Il est vrai, depuis sa prise de fonction, le président Condé n’a pas toujours fait montre d’un dirigeant impartial, juste et équitable. Il s’est souvent même comporté plus en dirigeant de parti politique qu’en véritable dirigeant de Nation. C’est vrai, Condé s’est souvent fait passer pour un chef de tribu qu’en un véritable rassembleur d’hommes. Il est aussi vrai que l’ancien dirigeant étudiant a souvent réagi de façon épidermique face aux critiques légitimes pour un homme public. On ne le cache pas, il apparaît comme quelqu’un capable de persécuter opposants, défenseurs de droits humains et syndicats-étudiants, mais rien ne justifie que des militaires payées par le contribuable guinéen, puissent utiliser les armes payées par le même contribuable pour attenter à la vie d’un chef que les contribuables se sont choisis en toute liberté et connaissance de cause.

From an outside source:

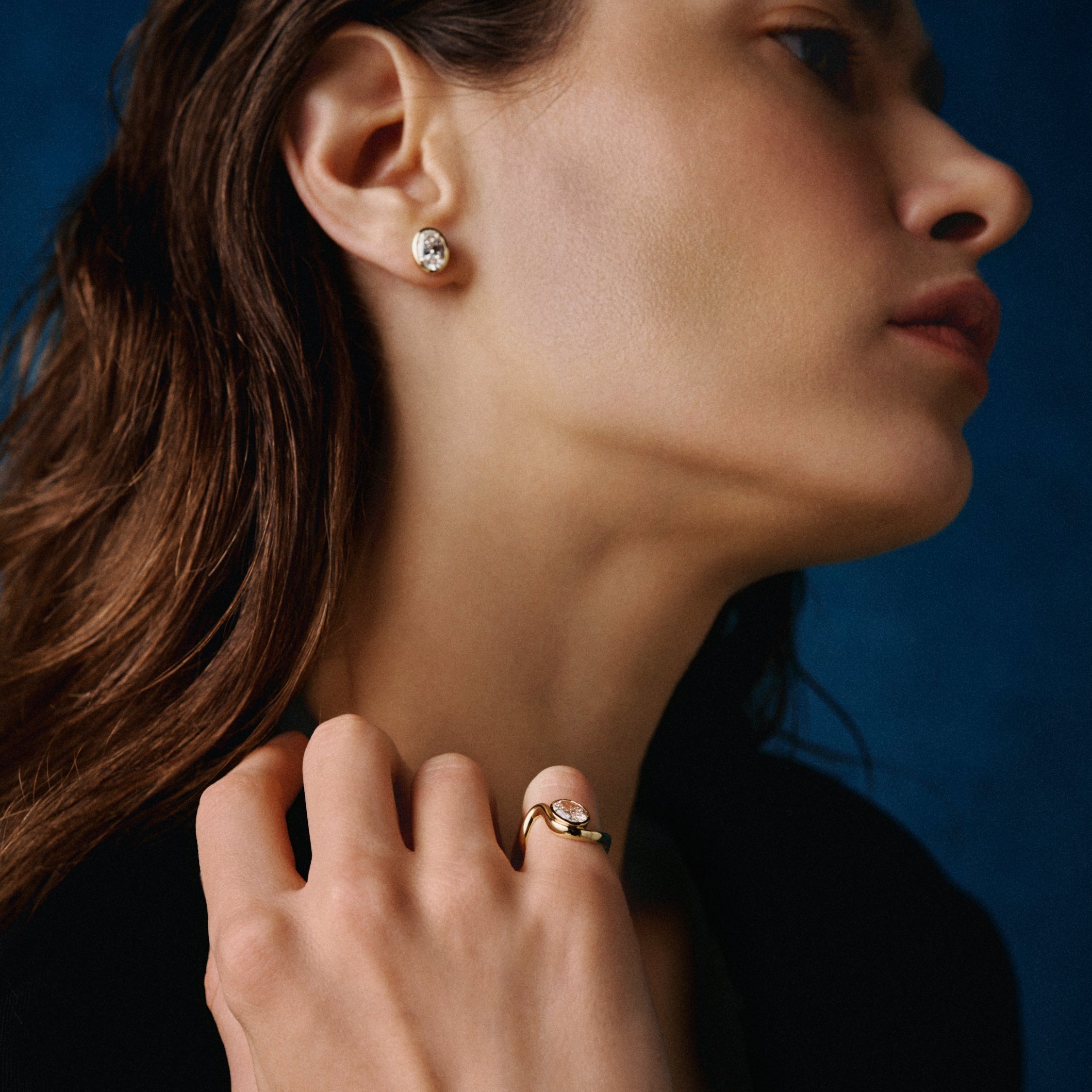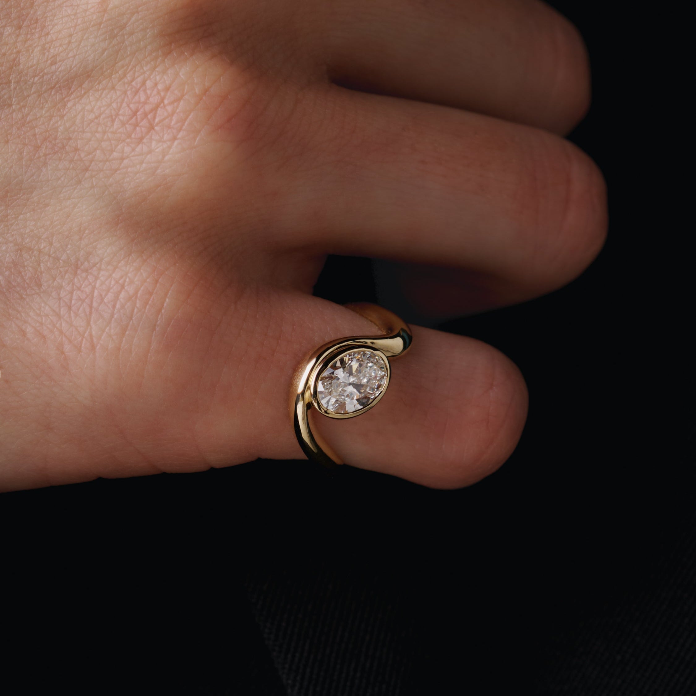 Rankomis išskulptuotas, geltono aukso žiedas, kurio juosta kyla kaip bangos ketera aplink 1 karato ovalo formos deimantą. Stiprus, bet jautrus, žiedas perteikia jūros ritmą – sklandžios kreivės išlaiko šviesą, kuri stabilizuoja ir suderina.

Rien et encore rien ne peut justifier un attentat contre les institutions de la République de Guinée aujourd’hui. Les militaires guinéens devraient le tenir pour dit s’ils ne veulent pas passer pour ceux qui auront engouffré le peuple guinéen, malgré les immenses ressources du pays, dans l’abyssal fossé de la merde dans lequel il se meut depuis plus d’un demi-siècle . En effet, ce pays de l’Afrique de l’Ouest qui a une superficie de 245857 km2, une population de 10,3 millions d’habitants dont 35,4% urbaine, a une croissance démographique de 2,5%, un Indice de développement humain (IDH) de 0,340 (156e rang sur 169 pays classés), avec 70 % de la population qui vit avec moins de 1, 25 dollar par jour. Condé a donc du pain sur la planche que de perdre son précieux temps dans des querelles sans lendemain.

Il a encore le temps de faire changer de point de vue à ceux qui pensent que, finalement, les opposants historiques africains, à l’image de Laurent Gbagbo de la Côte d’Ivoire, et bien d’autres, n’ont pas de vision, ni de doigté quand ils accèdent au pouvoir.